[Mageia-dev] cinelerra/audiokonverter/arista (war Re: rehashing the faac issue)

Wolfgang Bornath molch.b at googlemail.com
Thu Nov 1 23:44:52 CET 2012


2012/11/1 Christian Lohmaier <lohmaier+mageia at googlemail.com>:
> Hi Wolfgang, *,
>
> On Thu, Nov 1, 2012 at 1:56 PM, Wolfgang Bornath <molch.b at googlemail.com> wrote:
>> [...]
>> After reading all arguments again I must confess that I changed my
>> opinion: Being consequent and following our road we need a
>> /tainted-free and a /tainted-nonfree branch.
>
> I still think this would be a very user-*un*friendly way to handle it.
>
> You cannot put packages that itself is "free", but depends on
> "tainted&nonfree" packages into the "free" repo, since the core repos
> need to be self-contained.
>
> The natural approach would then be to put that package into the same
> repo as the packages that fulfill the requirement.
>
> If now you have two tainted repositories, one "free" and one
> "non-free", you would put the "free with dependencies" package into
> the tainted-free repo. But it itself isn't tainted, so actually
> wouldn't belong in there. But even when you have tainted-free enabled,
> and you try to install the package, you need to enable the
> tainted-nonfree one.
> Or you put it into tainted-nonfree to keep the repos more
> self-contained, but then the distinction is rendered useless, as
> packages end up there for completely different reasons.
>
> And if you have to enable both tainted variants anyway, there is no
> point in having them separate in the first place other than to please
> some bureaucratic nitpicking.
>
> So by creating a tainted-nonfree repo that only a handful of packages
> actually belong into anyway, you create a situation of non-satisfiable
> dependencies that make the distinction pointless from a user-POV.
>
> Much better would then be to create an "ugly" repo (in the spirit of
> gstreamer) that contains the "doesn't fit into the other repos" stuff.
>
> AFAIK only multimedia related stuff falls into tainted-nonfree. And it
> is either you want to use it or not. If you want to use it, the user
> doesn't care whether it is free or nonfree (by whatever definition,
> there isn't the one-and-only definition that everyone agrees with
> anyway). You only might care about whether it is tainted or not (and
> many don't give a damn about software patents even where they could
> apply in theory). It is not like you have a chance in most of these
> cases. Either you use a "100% free but sucks" implementation, or you
> use the "tainted and possibly "nonfree", but working just fine" one.

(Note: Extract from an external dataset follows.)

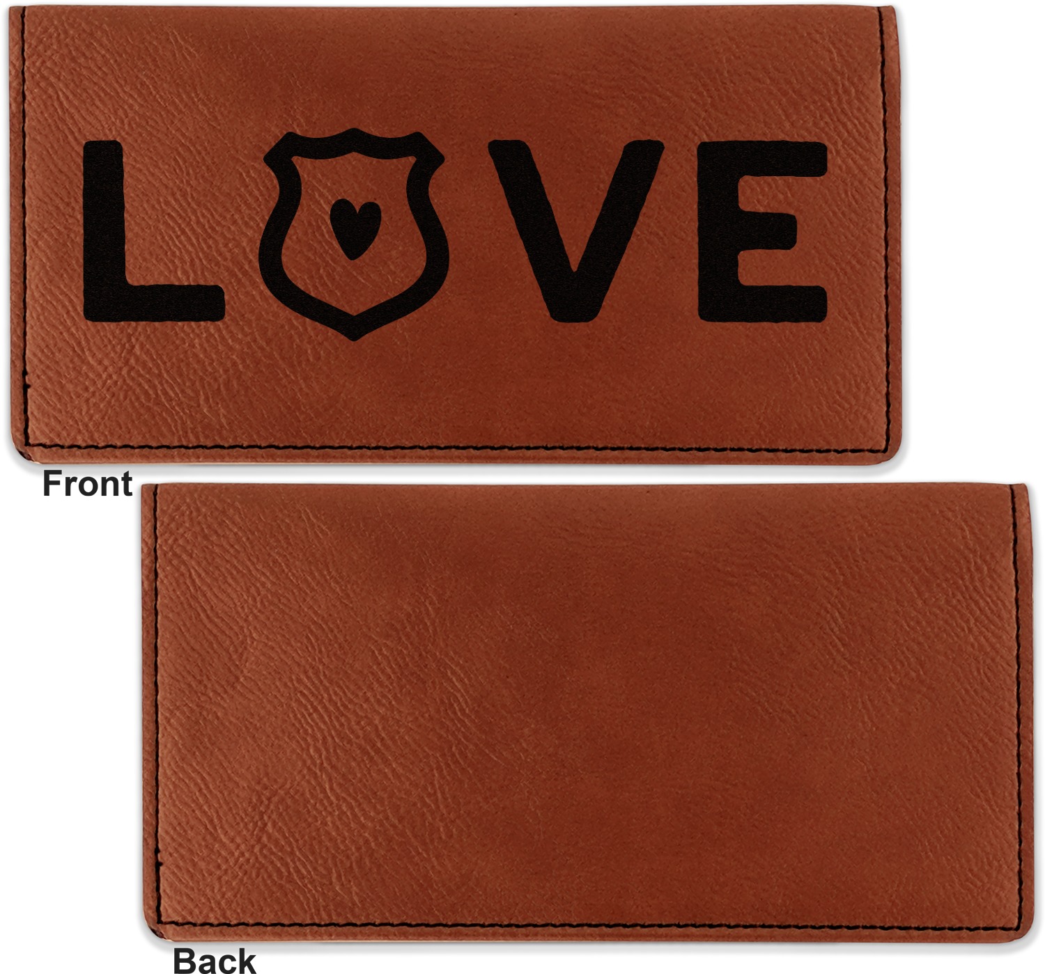 Go into our design center to start personalizing. Your checkbook cover will be laser engraved, making the graphic or text a black color. Choose a fun saying, monogram, or font to go on your checkbook cover. You have the opportunity to do it double or single sided.

Taking what you wrote into account there is no chance for a solution
which also honors the division between free, non-free and tainted, at
least non of the propositions in this thread would work. Because as
you described the problem is not with each software but rather with
its requirements (free software needing a non-free or tainted library
to run or offer all its features).

So what can we do? What do users want in such cases? First they do not
want crippled packages. If they decide to have mplayer they want the
whole thing, not a free variant which lacks features. They'd rather
not want mplayer at all.

Answering to this there may be a rather pragmatic but also drastic and
even provocative solution: Stop offering software in core which need
non-free and/or tainted libraries to give all its features. This
software should not be offered in 2 or even 3 variants but only in one
full version, residing in an "ugly" (or whatever you want to call it)
repository.
Yes, there may be people who would like to use mplayer without
non-free or tainted libraries - but are there really? To my experience
they either use the full blown package or another software.

This solution may not hold against theoretical arguments but I think
it's pretty much the practical way, for users as for packagers. And it
will motivate people to search for free solutions where possible.